Push too hard and eventually – inevitably – the oppressed will snap and bash the downpressor’s face in. It’s a powerful metaphor… and a timely warning.

This is territory Peele has staked out before. The deadly dance of oppressor/oppressed and spectator/spectacle runs through all of his movies, starting with Get Out

With Nope, Peele returns to the themes of hunter and hunted, oppressed and oppressor, spectacle and spectator. If all this sounds like heady, podcasty stuff, it is, and I’m here for it.

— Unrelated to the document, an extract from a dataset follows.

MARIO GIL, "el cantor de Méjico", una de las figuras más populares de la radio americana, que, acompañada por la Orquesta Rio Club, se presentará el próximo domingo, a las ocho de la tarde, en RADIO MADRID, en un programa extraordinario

With Nope, Peele outs himself (as if he needed to!) as a full-on cinema Stan.  Like Tarantino, Peele revels in his joy of the movies, but also in the people who make them. One of Peele’s seeming ambitions is to shine a light on the brilliant Black folks who’ve made vital (and unheralded) contributions to American cinema since its very inception.  

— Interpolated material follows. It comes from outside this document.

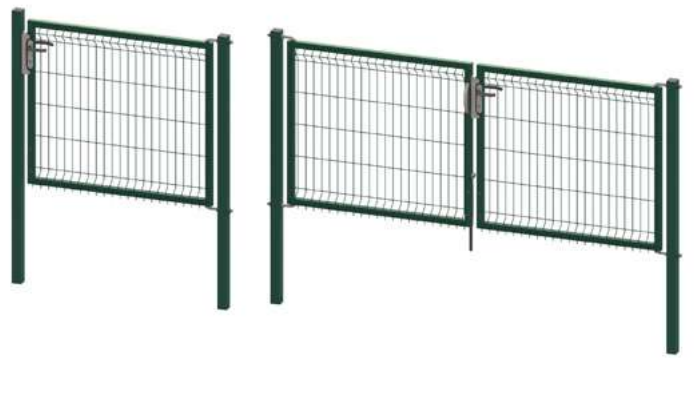
Puertas abatibles Egidia 3D

There’re signposts everywhere, if you look. 

The dog-eared ballcap for Spike Lee’s Malcolm X, worn by OJ. 

The faded still for Buck and the Preacher, a 1972 Poitier/Belafonte movie about Black cowboys, which takes pride of place on Pops’ wall.  

And, of course, Emerald (and Pops’) speech linking the Haywood family to the first ever stuntman/star in the history of moving pictures.

But unlike Tarantino, who indulges his obsessions maximally, making his taste supreme over considerations of story and character, Peele indulges his obsessions tastefully and with a minimum of discursion, weaving them elegantly into the fabric of his movies.

The choice of OJ’s ballcap, for example, is not only a shout-out to Lee’s Malcolm X, it’s also organic to the character.

OJ’s wardrobe is comprised mostly of movie swag, from Panavision t-shirts to a wonderfully distressed orange hoodie from the Scorpion King, destined to become an iconic piece of film wardrobe.

The Haywoods are movie people, after all.

Since Jaws, it’s become de rigeur for directors to hide their movie monsters until the last possible moment. And rightly so. The first thing I learned about screenwriting is “make ‘em wait”.

But famously, it was mechanical failure, not editorial choices, that forced Spielberg’s great white monster offstage for much of Jaws. The director had intended to show the shark early, and often, but was forced to cut away to hide how impossibly shitty it looked.

Hiding the shark became an unintended boon; it’s absence only deepened the movie’s pervasive sense of dread. 

Peele takes a page from that care-worn playbook by teasing his monster for the first half, allowing us mere peaks, before giving us the goods later on. And does he ever deliver.

I won’t spoil anything, but the geometric beauty of Peele’s creation is Lovecraftian in the best sense of the word. You can feel your mind bending as you contemplate its alien contours.

Peele’s monster feels as impossible, and as inevitable, as death itself.

It’s the Beatles’ White Album, fuck off

When asked about the frequent criticisms of indulgence and over-length lobbed by critics and fans alike at The Beatles’ “White Album”, Paul McCartney gave it a tired shrug and a choice quip:

“It’s the Beatles’ White Album, fuck off.”

Like the Beatles’ divisive double, Nope is filled to bursting with ideas, themes, references and allusions.

Nope might collect as many detractors as fans, at first. But I predict that, in time, Nope will come to be appreciated as a singular masterpiece… just like the White Album.